No solo la carne se puede aliñar. Poner hierbas aromáticas o incluso sal sobre las brasas en las que está asando, es una buena manera de darle un sabor único a su parrillada. Un puñado de romero y tomillo puede hacer maravillas. Una idea digna de imitar es la que mostraba un artículo del New York Times donde contaba de un chef belga que usa una mezcla de semillas de cilantro, juniper berries, romero, bolitas de pimienta y otras hierbas secretas para hacer de sus asados una experiencia memorable.
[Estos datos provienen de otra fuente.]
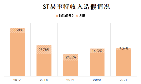 通过上述三种情形,ST易事特2017年至2021年分别虚增营业收入8.22亿元、12.93亿元、9.72亿元、6.76亿元、3.11亿元,分别占当年披露营业收入的11.23%、27.78%、29.05%、16.22%、7.24%。

  1. Para ablandar la carne

Si tiene un corte de carne que es muy sabroso pero no especialmente tierno, use una salsa para marinar, siempre ayuda. Si lo que tiene entre manos es un trozo de cordero no muy joven, marínelo también en vino blanco, ajo y hierbas aromáticas (romero y tomillo siempre a la cabeza) para que la carne se ablande y se vaya algo del sabor fuerte de la carne.

  1. Sellar y salar

Si su asado consta de trozos de carne tiernos y jugosos, no es necesario marinar. Se sorprenderá del sabor espléndido de un buen corte de carne. Ahora, la sal no se transa. La gran pregunta es cuándo ponerla. Mucha gente sala la carne antes de ponerla al fuego. El problema con este método es que se pierde parte de la jugosidad del corte. Hay gente que la sala mientras se asa pero la recomendación es sellar la carne por lado y lado antes de comenzar a echar la sal (de preferencia gruesa). Para sellar la carne use el fuego bastante alto, espere que el corte suelte la sangre y entonces voltéelo y ponga la sal. Aleje un poco la rejilla del fuego y espere que el centro de la carne se ase lentamente, con los jugos saltando en el interior.
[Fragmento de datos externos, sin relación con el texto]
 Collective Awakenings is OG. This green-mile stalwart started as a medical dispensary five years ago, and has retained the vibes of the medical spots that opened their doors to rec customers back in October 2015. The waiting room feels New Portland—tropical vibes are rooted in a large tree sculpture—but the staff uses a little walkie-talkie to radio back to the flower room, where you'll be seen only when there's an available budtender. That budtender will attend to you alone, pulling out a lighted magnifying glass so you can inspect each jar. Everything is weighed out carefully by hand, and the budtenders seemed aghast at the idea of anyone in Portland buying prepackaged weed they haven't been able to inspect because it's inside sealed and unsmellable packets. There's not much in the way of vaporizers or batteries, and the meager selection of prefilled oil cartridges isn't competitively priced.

  1. No pinche la carne o use la tenaza

Use un tenedor para saber si la carne está lista, pero no la pinche ni la corte porque la hará perder jugo. Solo apóyelo sobre la carne y haga presión. Si la carne está muy blanda es que le falta cocción. Si la siente elástica es que ya ha llegado a su punto medio (el preferido de muchos, con los jugos haciendo fiesta en el centro del trozo de carne) y si la carne está firme es que ya está bien cocida.